Flagstaff

Chapter Meetings

The Flagstaff Chapter will offer in-person meetings this year with the option to watch from home via Zoom. The meetings will still take place on the third Tuesday of the month, March through October, at 7:00 PM.

We have a new location! The meetings are now being held at Highgate Senior Living Center at 1831 N Jasper Dr. on McMillan Mesa. Park anywhere in the parking lot or on the street. Buzz to be let in if the door is locked and come upstairs to the second floor.

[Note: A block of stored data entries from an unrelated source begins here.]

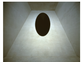
L'Origine du monde 2004 longer diameter of oval: 700cm collection of 21st Century Museum of Contemporary Art, Kanazawa © Anish Kapoor

Born in Mumbai, India in 1954. Lives and works in London, UK. After spending his childhood in India, Anish Kapoor went to England at the age of 17. From the late 1970's he began to exhibit his work. At the beginning he produced many sculptures covered with pigments on the surface. Later, these pigment works began to reveal openings, this led on to works which look like cave entrances, or a crack in the earth, covering the inside of a crevice or hole made in the bedrock-like floor with pigments. His works constructed with varied materials always urge us to reconsider our vision and usual perceptions. In the unknown world generated beyond dimensions, Kapoor's own views on human existence and life are reflected.
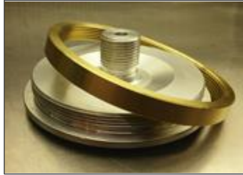
Oil Filter Adapter for Antique Car
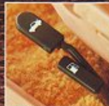
Remote fuel and cargo levers.
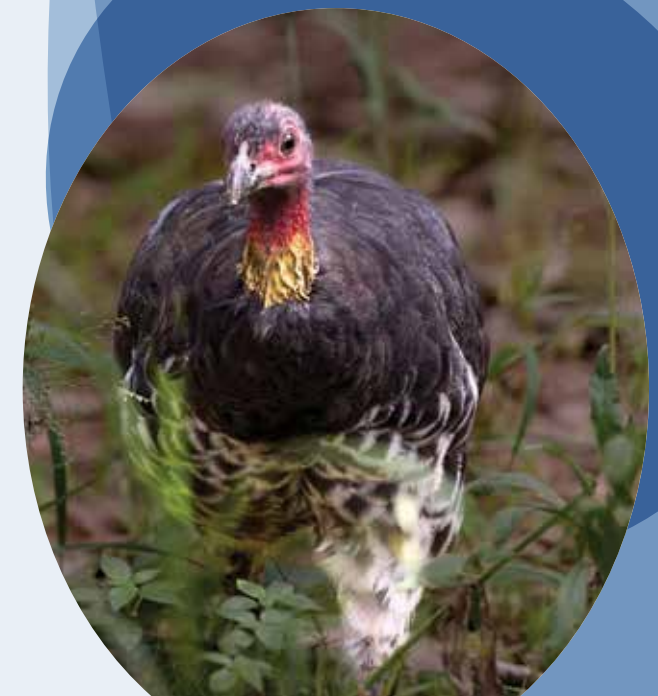
Australian Brush-turkey ( Alectura lathami )
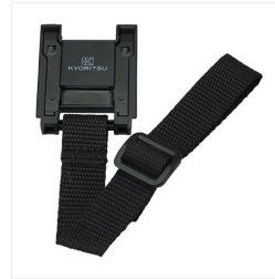
OTHERS MODEL 9189
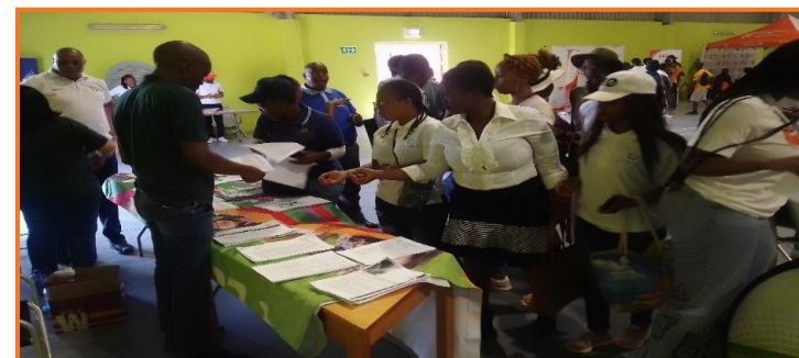
The Department of Employment and Labour sharing information about government opportunities.
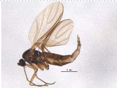
BIOUG05704-H10 [Lateral] Sciaridae
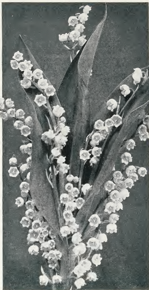
Convallaria majalis (Lily-of-the-Valley)
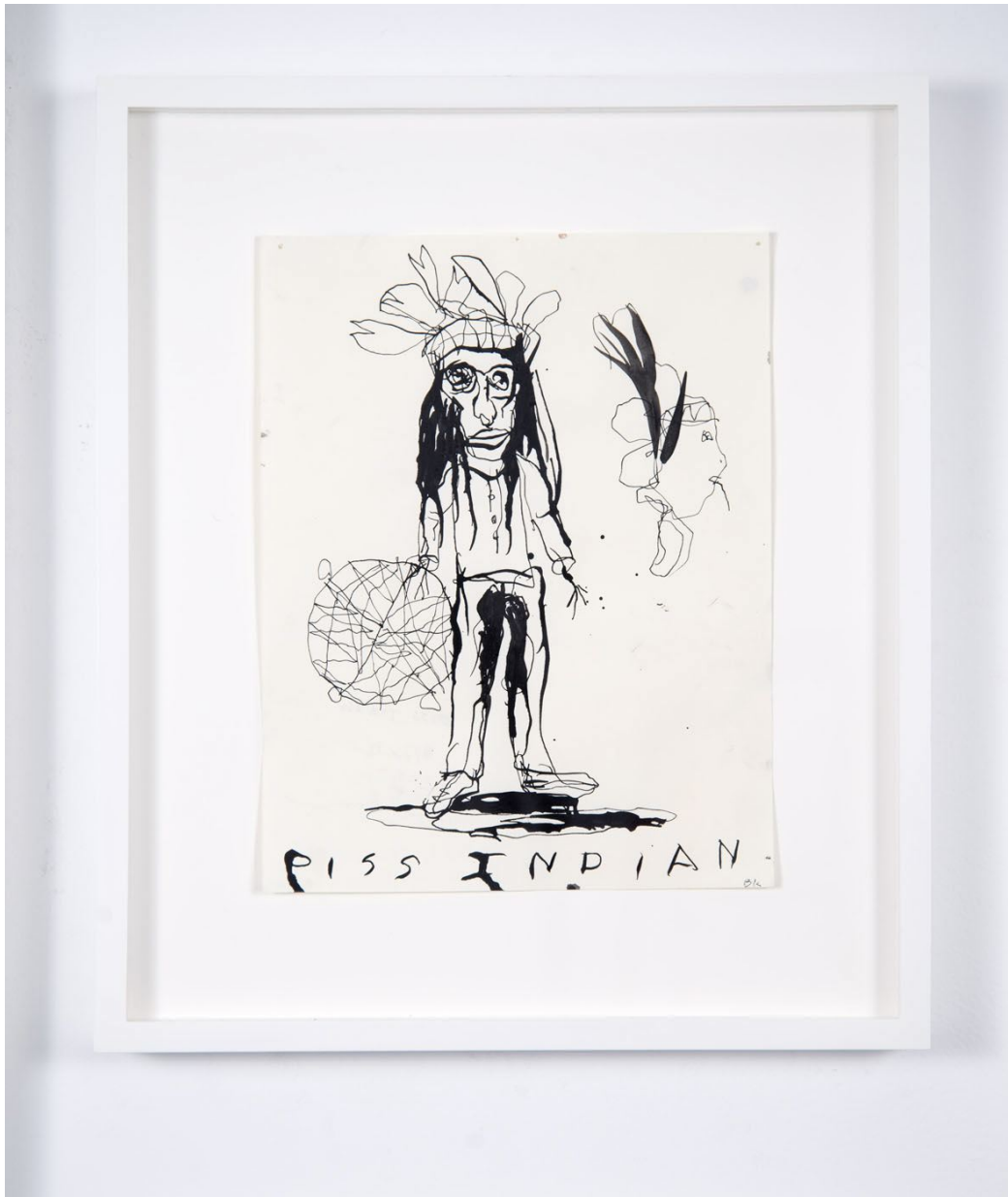
BRAD KAHLHAMER Piss Indian , 2011 ink on paper 12 x 8 1/2 inches 16 x 15 5/8 x 1 1/2 inches framed signed, titled, and dated on verso Inventory #BRK11.004

Some of the meetings have been recorded and can be viewed the Flagstaff Chapter’s Facebook or at The Arizona Native Plant Society. For details about upcoming meetings, please see our email distribution list (naris123@cs.com), Facebook page, or AZNPS.com.

Register in advance once in order to attend any of the meetings virtually:
https://us02web.zoom.us/meeting/register/tZwsfumpqjkqG9Pfnq_NUM33A-2Ncv9G9NA2

 

After registering, you will receive a confirmation email containing information about joining the meeting.

 

 

JOIN OUR CHAPTER E-LIST

Join Our Chapter E-list:  If you would like to receive reminders and announcements about field trips and meetings via e-mail, send a note to Sue Holiday to be added to the list. Stay informed by joining us on Facebook.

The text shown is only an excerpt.